An exact copy of the lines of the listing below between the "Anello del partner" line and the "2025年9月23日,安徽合" line, both included, is the whole answer; please omit the pictures.
[Opening Records shown section]
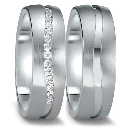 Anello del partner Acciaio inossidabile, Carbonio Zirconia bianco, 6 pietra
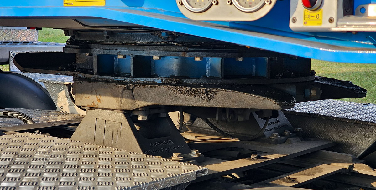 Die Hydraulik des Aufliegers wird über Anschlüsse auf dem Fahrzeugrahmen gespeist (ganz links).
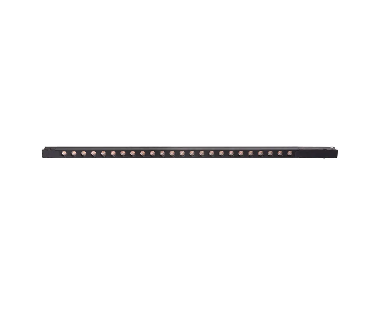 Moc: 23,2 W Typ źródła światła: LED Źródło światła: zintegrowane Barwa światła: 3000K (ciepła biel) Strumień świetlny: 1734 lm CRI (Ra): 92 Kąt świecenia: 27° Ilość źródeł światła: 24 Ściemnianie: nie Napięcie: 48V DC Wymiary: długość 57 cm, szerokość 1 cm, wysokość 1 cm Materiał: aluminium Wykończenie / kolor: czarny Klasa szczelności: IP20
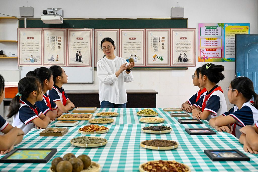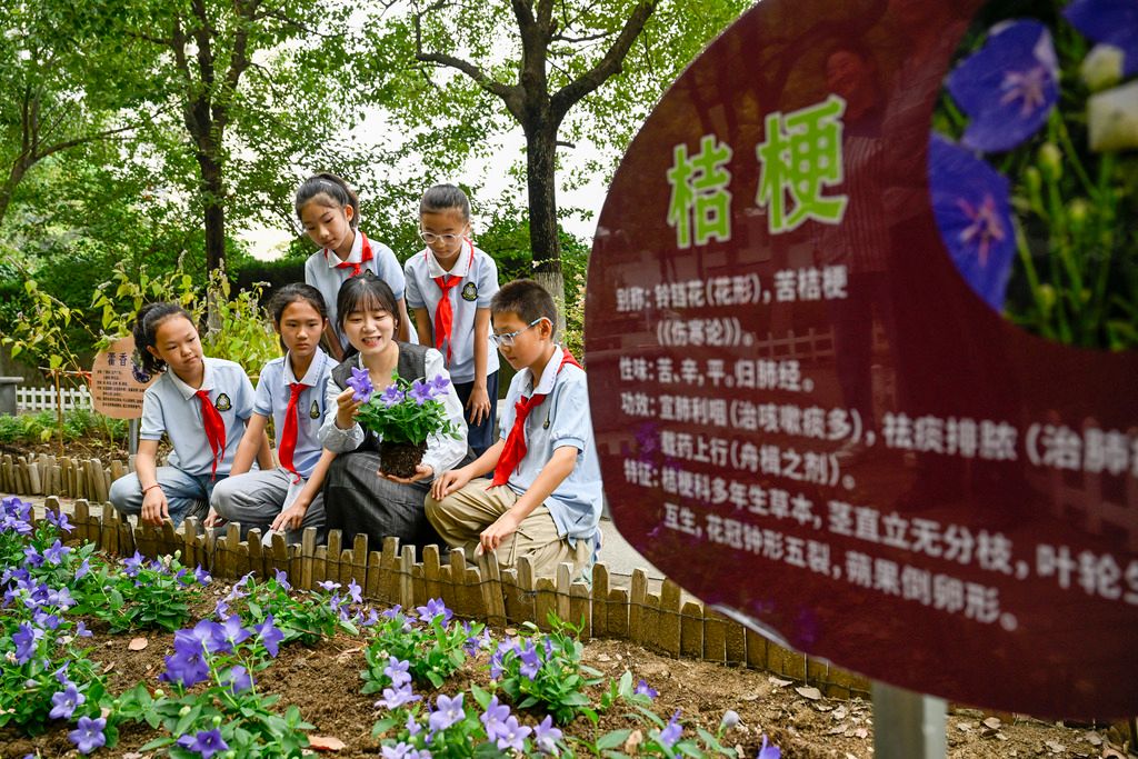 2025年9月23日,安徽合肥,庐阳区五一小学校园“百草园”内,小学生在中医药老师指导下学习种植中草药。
[Closing Records shown section]
[Opening Records shown section]
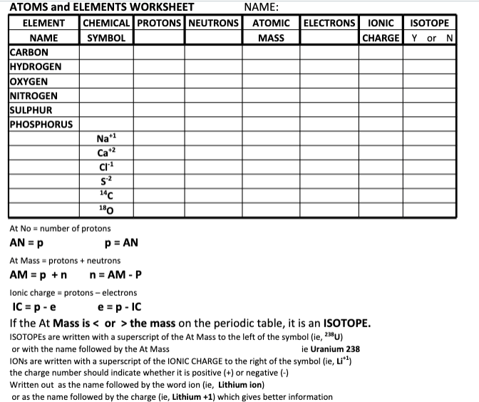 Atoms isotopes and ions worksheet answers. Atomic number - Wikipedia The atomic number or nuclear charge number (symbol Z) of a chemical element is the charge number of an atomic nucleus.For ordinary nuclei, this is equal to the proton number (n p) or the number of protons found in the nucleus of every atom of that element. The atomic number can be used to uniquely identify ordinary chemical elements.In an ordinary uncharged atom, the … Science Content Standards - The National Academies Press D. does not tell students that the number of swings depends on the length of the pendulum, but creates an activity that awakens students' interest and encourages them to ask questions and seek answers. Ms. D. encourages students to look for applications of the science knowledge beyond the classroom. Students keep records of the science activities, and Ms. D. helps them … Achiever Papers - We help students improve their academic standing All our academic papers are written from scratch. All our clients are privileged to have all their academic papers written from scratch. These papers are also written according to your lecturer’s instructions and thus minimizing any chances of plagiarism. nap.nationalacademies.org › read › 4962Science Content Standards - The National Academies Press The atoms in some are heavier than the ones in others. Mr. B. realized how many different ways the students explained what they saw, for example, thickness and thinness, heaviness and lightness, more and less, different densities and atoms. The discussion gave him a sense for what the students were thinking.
[Closing Records shown section]
**Exercise response:**
 Anello del partner Acciaio inossidabile, Carbonio Zirconia bianco, 6 pietra
 Die Hydraulik des Aufliegers wird über Anschlüsse auf dem Fahrzeugrahmen gespeist (ganz links).
 Moc: 23,2 W Typ źródła światła: LED Źródło światła: zintegrowane Barwa światła: 3000K (ciepła biel) Strumień świetlny: 1734 lm CRI (Ra): 92 Kąt świecenia: 27° Ilość źródeł światła: 24 Ściemnianie: nie Napięcie: 48V DC Wymiary: długość 57 cm, szerokość 1 cm, wysokość 1 cm Materiał: aluminium Wykończenie / kolor: czarny Klasa szczelności: IP20
 2025年9月23日,安徽合肥,庐阳区五一小学校园“百草园”内,小学生在中医药老师指导下学习种植中草药。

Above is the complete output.